▸ What to produce
Each line from the one holding "Lane – Troutbeck |" to the last line of the listing must be set down exactly. No pictures are to be included.

▸ The data
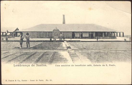 Para os cartões postais do início do século XX, Santos era referência para todo o estado de São Paulo, como hinterlândia do porto de Santos, como se vê neste postal da época, em que a imagem de "uma machina de beneficiar café", numa fazenda do interior paulista era apresentada como "lembrança de Santos", para os turistas que passavam por este porto. O cartão da Union Postale Universelle foi produzido por M. Pontes & Co., de Santos, para comercialização no Bazar de Paris (peça número 23, sem carimbo dos Correios):
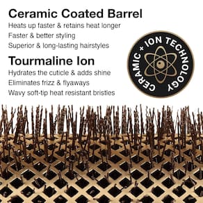 Olivia Garden is the leader in producing professional salon brushes. Each brush is carefully crafted the deliver the best results for any styling need. This is a professional brush that every station needs or you can take with you wherever you go. Features: Unique Bristle Design: Special wavy heat resistant bristles, Soft-tip - gentle on hair Great for volume, waves or curls. Unlimited styling flexibility. New Turbo Barrel: Extra large vents. Greater airflow. Reduces drying time Tourmaline Ion Technology: Hydrates the cuticle. Adds more shine to the hair. Eliminates frizz and flyaways. Hair is healthier and easier to style Latest Ceramic Technology: Heats up faster and retains heat longer Superior and long-lasting hairstyles Unique Handle Design: Easy-grip ergonomic handle. Lightweight for effortless styling Retractable sectioning pick - Perfeito para criar volume, ondas ou cachos em todos os tipos de cabelo
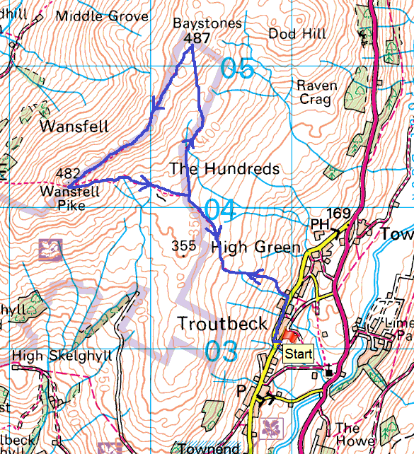 | Route – Nanny Lane – Wansfell – Wansfell Pike – Nanny Lane – Troutbeck |
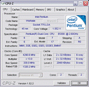 | Разгон, максимально стабильная частота (FSB x Ratio) | 4290 (330 x 13.0) |

▸ Output of the exercise
 | Route – Nanny Lane – Wansfell – Wansfell Pike – Nanny Lane – Troutbeck |
 | Разгон, максимально стабильная частота (FSB x Ratio) | 4290 (330 x 13.0) |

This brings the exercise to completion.